When Dr. Gap arrived, it was a fresh gust of air for his troops.
“He assessed the situation very well and I remember him telling me two things. First, that he is setting up a command post in the director’s office, because everything has to be coordinated. And he looked at me and asked, ‘Why are you only wearing an ordinary face mask?’ I just brushed it aside.”
Pediatrician Dr. Jhing Talan was on the first floor when the fire broke out and her first thoughts were of the babies in the nursery on the fourth floor.
She recalls: “A pedia resident was asked to evacuate immediately but he decided to bring an intubated pre-term baby (with him). He put the baby in his pocket because he couldn’t carry the isolette, and he did ‘ambu bagging’ (an ambu bag is a hand-held manual resuscitator) while going down. Then he hooked the baby to oxygen when he got to the first floor.
“Pedia residents and fellows ran a code on an elderly woman who was being evacuated from the sixth floor. Good she was revived.
“Priests making the chapel available for many of our pedia patients and their caregivers, and even serving boiled eggs to people in the vicinity.
“Nurses and nurse aides (were) tracking patients in the parking lot, by the flag pole, in the chapel, and many other places to make sure everyone was evacuated from higher floors.
“NICU (neo-natal intensive care unit) nurses, residents and fellows (were) making sure all 35 out of the 35 NICU babies, even the intubated ones, were evacuated safely. They were on the fourth floor, and the fire was on the third floor. So ilang taas-baba to bring down intubated babies na kailangan i-ambubag (so you could imagine how many times they went up and down the stairs to bring down intubated babies), making sure each patient had a tag to avoid a ‘Mara-Clara’ incident (Mara-Clara was a soap opera where the babies were switched in the hospital - JRR)
“And I never heard anyone grumble.”
5:41 a.m., Sunday
The fire, said to have started in an OR supply room, and fed by inflammable linen and drapes, is controlled. There are no injuries or fatalities reported. All 35 babies are safe.
“I want to remember this tiring day as a good one,” says Dr.
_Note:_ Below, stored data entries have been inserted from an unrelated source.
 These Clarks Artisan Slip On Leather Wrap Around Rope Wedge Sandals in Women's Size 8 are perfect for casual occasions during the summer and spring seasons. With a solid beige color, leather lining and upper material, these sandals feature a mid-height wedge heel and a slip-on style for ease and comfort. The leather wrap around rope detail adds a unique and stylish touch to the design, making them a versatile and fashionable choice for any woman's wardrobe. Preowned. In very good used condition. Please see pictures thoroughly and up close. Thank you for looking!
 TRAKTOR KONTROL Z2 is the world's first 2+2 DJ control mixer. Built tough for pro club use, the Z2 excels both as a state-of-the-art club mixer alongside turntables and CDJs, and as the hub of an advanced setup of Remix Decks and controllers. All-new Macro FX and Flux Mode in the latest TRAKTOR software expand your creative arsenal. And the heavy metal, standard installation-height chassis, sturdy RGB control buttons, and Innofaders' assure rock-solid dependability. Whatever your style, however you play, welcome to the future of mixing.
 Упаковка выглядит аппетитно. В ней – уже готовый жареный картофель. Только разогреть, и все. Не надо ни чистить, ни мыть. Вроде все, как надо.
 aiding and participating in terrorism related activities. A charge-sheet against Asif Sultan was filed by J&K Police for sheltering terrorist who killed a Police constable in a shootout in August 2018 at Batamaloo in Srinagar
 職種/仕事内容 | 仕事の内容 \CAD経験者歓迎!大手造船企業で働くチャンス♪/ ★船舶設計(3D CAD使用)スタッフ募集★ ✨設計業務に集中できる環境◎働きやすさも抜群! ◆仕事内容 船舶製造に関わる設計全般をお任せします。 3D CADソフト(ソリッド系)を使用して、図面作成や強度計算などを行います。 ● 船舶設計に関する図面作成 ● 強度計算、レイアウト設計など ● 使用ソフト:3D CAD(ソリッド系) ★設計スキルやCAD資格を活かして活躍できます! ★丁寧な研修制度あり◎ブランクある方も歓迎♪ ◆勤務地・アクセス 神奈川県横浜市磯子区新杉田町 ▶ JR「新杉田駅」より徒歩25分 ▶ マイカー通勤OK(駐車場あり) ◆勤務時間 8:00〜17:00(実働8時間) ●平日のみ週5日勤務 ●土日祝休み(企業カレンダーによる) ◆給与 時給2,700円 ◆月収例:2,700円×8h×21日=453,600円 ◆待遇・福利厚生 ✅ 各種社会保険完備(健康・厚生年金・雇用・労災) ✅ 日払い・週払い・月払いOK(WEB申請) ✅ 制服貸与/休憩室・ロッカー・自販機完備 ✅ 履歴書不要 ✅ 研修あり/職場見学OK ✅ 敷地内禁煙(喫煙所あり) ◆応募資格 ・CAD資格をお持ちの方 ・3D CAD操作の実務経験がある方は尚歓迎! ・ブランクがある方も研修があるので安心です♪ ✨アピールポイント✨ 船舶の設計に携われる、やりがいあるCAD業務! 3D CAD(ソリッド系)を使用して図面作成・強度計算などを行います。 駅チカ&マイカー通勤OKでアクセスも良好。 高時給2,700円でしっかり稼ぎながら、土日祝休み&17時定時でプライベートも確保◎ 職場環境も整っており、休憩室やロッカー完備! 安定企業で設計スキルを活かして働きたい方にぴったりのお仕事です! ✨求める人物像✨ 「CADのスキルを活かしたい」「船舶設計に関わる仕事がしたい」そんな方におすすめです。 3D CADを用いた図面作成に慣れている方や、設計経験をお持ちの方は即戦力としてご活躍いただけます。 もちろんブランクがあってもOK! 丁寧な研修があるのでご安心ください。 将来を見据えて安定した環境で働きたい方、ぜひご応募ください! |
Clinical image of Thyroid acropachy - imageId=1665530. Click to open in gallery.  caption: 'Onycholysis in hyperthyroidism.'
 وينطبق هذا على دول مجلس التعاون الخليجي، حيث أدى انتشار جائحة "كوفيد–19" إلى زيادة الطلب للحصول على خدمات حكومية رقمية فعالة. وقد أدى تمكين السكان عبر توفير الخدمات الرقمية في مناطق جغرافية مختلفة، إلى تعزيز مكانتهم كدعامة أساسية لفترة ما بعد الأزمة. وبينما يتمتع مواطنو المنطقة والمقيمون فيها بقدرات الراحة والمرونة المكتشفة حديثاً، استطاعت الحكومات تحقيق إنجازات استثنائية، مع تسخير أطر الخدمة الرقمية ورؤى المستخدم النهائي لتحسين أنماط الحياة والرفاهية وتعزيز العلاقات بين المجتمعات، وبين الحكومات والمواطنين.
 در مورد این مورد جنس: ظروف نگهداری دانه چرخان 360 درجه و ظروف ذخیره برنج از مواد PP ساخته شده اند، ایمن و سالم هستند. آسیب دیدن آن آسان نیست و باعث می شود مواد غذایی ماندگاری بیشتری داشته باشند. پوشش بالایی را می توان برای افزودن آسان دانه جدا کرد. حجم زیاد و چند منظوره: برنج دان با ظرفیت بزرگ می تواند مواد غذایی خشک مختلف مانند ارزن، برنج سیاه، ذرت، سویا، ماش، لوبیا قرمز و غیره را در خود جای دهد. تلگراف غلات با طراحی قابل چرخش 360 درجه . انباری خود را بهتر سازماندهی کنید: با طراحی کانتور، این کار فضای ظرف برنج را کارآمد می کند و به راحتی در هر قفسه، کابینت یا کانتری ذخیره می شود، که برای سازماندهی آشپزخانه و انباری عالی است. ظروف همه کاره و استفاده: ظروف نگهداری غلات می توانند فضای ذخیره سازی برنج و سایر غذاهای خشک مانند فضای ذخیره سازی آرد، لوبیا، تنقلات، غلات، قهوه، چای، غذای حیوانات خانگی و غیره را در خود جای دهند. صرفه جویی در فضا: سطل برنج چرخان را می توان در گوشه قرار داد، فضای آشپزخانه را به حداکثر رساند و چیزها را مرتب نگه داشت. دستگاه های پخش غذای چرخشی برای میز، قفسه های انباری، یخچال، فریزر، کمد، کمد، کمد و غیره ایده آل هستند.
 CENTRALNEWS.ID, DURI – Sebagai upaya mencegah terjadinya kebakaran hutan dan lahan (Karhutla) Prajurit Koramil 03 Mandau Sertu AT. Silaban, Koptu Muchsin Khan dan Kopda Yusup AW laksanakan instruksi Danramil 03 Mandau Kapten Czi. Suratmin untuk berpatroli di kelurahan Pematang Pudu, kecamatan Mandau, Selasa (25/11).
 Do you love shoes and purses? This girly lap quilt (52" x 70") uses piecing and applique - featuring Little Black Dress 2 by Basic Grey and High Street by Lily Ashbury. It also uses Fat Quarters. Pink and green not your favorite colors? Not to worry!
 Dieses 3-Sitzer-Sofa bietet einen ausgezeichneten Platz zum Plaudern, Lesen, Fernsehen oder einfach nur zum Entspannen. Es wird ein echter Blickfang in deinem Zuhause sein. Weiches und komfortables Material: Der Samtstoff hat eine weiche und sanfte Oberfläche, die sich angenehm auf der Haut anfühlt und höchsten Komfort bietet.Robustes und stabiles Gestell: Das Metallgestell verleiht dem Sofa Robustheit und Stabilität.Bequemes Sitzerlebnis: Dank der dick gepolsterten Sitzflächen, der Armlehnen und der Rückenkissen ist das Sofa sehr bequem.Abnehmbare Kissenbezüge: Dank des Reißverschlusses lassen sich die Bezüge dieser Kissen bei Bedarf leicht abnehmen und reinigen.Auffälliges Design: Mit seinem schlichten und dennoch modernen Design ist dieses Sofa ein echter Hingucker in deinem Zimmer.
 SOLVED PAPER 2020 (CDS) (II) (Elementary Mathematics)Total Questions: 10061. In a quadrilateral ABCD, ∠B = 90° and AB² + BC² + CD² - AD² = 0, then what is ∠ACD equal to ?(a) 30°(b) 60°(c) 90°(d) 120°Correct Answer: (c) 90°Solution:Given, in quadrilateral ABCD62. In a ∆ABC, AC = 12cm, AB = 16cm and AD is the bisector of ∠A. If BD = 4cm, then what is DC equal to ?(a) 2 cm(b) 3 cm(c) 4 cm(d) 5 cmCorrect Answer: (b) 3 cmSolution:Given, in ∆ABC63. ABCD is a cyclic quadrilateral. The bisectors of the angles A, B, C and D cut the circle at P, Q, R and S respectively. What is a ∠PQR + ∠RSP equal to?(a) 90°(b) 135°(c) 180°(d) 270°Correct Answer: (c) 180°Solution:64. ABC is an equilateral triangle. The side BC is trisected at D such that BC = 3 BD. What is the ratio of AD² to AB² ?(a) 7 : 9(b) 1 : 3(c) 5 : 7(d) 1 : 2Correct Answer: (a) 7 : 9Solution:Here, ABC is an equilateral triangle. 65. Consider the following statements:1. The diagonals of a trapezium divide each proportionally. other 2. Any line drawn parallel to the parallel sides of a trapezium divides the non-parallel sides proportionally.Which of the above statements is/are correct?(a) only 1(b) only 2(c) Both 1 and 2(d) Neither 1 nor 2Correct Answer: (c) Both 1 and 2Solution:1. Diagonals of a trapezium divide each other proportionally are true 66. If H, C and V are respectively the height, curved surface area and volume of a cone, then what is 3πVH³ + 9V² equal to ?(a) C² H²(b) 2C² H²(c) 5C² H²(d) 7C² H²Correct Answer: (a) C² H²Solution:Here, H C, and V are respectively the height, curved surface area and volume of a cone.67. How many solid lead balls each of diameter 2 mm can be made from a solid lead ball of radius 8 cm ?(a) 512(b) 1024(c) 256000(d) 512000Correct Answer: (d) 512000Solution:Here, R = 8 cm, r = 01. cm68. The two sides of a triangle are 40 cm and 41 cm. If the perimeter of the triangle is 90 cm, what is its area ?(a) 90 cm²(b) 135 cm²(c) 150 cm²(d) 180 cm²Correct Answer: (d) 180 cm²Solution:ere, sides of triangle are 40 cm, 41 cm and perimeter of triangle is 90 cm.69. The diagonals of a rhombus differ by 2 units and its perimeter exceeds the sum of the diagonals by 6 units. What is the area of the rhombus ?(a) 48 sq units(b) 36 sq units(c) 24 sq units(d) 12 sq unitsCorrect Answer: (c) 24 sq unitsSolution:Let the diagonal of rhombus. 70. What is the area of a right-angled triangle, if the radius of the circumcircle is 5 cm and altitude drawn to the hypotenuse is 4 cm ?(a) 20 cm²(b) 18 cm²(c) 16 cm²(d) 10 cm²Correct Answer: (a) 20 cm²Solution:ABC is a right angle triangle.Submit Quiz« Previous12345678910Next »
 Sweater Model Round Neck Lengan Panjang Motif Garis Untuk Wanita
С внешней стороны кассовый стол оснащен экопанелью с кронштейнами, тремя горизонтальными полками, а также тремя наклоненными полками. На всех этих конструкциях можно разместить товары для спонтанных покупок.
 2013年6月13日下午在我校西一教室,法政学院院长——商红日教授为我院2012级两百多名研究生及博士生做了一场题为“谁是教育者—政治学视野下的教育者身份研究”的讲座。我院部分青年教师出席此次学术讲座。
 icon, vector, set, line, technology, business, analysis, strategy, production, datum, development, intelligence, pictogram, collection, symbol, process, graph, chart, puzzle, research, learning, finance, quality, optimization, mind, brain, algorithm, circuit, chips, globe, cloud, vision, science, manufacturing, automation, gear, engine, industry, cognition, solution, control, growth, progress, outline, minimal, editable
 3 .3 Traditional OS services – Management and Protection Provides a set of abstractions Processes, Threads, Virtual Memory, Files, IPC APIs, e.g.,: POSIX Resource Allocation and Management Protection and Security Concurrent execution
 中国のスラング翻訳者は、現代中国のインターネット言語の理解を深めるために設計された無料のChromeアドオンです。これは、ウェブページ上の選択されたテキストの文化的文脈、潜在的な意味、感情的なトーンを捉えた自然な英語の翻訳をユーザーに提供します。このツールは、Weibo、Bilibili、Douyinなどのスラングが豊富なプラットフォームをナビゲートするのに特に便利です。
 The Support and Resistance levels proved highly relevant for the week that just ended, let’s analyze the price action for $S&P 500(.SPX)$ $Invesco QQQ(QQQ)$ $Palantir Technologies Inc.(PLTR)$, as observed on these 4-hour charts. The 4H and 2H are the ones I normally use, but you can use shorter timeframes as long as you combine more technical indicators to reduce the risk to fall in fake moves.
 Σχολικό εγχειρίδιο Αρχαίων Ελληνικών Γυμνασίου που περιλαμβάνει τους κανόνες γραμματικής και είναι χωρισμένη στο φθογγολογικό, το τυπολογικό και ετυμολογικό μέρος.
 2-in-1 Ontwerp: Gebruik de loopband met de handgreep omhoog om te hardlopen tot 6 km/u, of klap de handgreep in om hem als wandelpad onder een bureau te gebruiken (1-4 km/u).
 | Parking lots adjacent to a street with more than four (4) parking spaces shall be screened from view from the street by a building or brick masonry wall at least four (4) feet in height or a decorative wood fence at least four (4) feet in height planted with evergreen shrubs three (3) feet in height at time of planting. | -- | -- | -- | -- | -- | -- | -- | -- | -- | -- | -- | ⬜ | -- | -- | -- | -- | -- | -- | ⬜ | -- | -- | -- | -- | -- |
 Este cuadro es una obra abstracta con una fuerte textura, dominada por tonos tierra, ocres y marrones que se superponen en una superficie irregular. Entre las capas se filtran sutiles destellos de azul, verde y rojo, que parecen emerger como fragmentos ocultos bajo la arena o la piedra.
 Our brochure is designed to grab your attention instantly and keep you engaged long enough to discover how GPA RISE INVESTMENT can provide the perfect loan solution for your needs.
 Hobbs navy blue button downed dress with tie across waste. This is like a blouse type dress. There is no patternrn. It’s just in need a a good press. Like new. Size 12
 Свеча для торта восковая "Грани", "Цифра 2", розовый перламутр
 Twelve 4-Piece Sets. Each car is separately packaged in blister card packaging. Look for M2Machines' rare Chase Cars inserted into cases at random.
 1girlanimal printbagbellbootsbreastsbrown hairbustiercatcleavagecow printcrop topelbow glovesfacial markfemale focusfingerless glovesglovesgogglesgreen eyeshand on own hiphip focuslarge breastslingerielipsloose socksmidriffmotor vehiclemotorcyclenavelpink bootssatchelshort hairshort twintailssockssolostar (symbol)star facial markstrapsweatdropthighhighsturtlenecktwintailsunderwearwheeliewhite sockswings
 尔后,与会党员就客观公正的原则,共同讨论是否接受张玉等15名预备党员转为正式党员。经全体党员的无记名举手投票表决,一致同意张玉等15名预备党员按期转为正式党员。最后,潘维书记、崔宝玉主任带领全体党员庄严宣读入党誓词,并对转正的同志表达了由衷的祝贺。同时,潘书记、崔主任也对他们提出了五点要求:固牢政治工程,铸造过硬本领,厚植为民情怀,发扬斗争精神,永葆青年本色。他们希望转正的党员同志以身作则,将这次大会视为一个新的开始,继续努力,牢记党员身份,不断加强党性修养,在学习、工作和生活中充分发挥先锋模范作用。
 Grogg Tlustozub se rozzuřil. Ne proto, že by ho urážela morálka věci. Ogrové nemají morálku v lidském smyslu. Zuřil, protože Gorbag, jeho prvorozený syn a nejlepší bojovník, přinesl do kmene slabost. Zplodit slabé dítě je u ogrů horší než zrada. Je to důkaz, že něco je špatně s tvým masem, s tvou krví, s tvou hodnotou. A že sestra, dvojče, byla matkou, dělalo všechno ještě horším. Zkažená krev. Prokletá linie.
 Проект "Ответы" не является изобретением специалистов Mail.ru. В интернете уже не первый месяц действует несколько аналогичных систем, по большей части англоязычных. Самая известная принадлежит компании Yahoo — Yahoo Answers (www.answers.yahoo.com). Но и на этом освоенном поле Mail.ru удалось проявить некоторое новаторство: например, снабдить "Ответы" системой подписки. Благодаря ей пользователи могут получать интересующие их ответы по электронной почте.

Jhing. “People are really good at heart.”
All 35 of the babies, many of whom were taken to other hospitals, are now back in PGH.
As PGH spokesman Dr. Jonas de Rosario told me, “I was amazed with the show of love and generosity of our kababayans to PGH. The outpouring of support, from the general citizenry to the administration, is truly humbling. Nakakataba ng puso (It fills the heart). I’m sure there are others who are equally deserving of the national attention. The best way to show our gratitude is to do better, do more.”